〖イケメン戦国〗新章 燃ゆる華恋の乱❀百華繚乱伝❀
第72章 君しか見えない-繋-❀伊達政宗❀
「ただいま、美依」
「おかえり、なさい……」
「なんで帰って来たのに会いに来ねぇんだよ、待ってたんだぞ」
「……っ」
すると、美依はくしゃっと顔を歪め。
問いには答えず、俺に背を向けた。
そして、後ろ手で襖を閉めようとしたので、慌ててそれを阻止しようと、美依の手を掴む。
だが、美依はそれを振りほどき……
振り向きもしないまま、言葉を紡いだ。
「帰って、政宗。今日は私、何言うか解んないから」
「……何でもいいから聞かせろよ、お前の声」
「政宗……」
「俺が居ない間、どうしてたんだ?寂しくなかったか?」
敢えて、平然と何も知らないように美依に問う。
美依は黙り込み、その華奢な肩を震わせていたが……
やがて、小さな声で。
俺の問いとは関係ない問いを、被せてきた。
「ねぇ…政宗、は……私のこと、すき?」
「ああ、誰よりもな」
「どこが……すき?」
「言って欲しいなら、言ってやるが…それってそこまで重要か?」
「……」
「ただ好き、じゃ駄目なのか?」
理由なんて上げれば、山ほどある。
だが、そんなのは俺はどうでもいい。
ただただ、お前が死ぬほど好きだ。
俺にとっては、それしか無いのだから。
だが──……
美依はそれでは納得しなかったらしい。
なんだか無理やり強気を装っているような、そんな声を張り上げた。
「違うでしょ?政宗、言えないんでしょ?」
「美依……」
「好きな所がないから、言えないんでしょう…?!無理しなくていいから、私解ってるから!」
「美依、あのな……」
「いいの、政宗は優しいから、私を傍に置いてくれてるんだもんね。
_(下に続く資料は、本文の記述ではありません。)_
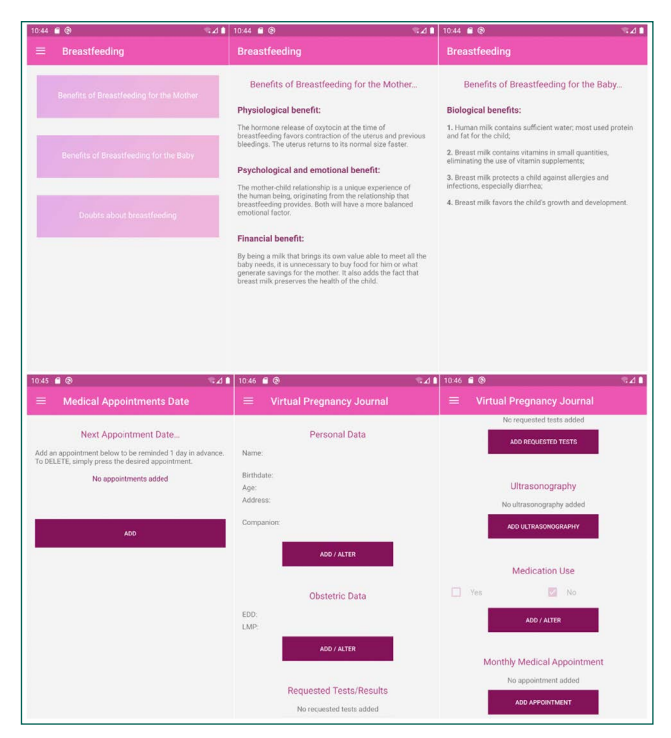
Figure 3. Graphical representation of the screens of the Gestação Saudável application

partum depression. As for newborns, it reinforces information about growth and development consultations, hygiene, cleaning the umbilical stump, neonatal screening tests and vaccines.

こんな魅力もない子を…でも、同情しないで、そんなのは要らない」
(……んだよ、それ………!)
その言葉に、思わず怒りがこみ上げる。
俺が同情なんかで、お前の傍に居ると……
本気で言ってんのか、それ。
俺は、ぐっと美依の肩を掴んだ。
そのまま、怒りを滲ませた声が滑り出る。
「俺の目を見て、もう一回言ってみろ」
「……」
「美依っ!」
すると、美依は勢いよく振り返り。
俺の胸を、拳でドンッ!と叩いた。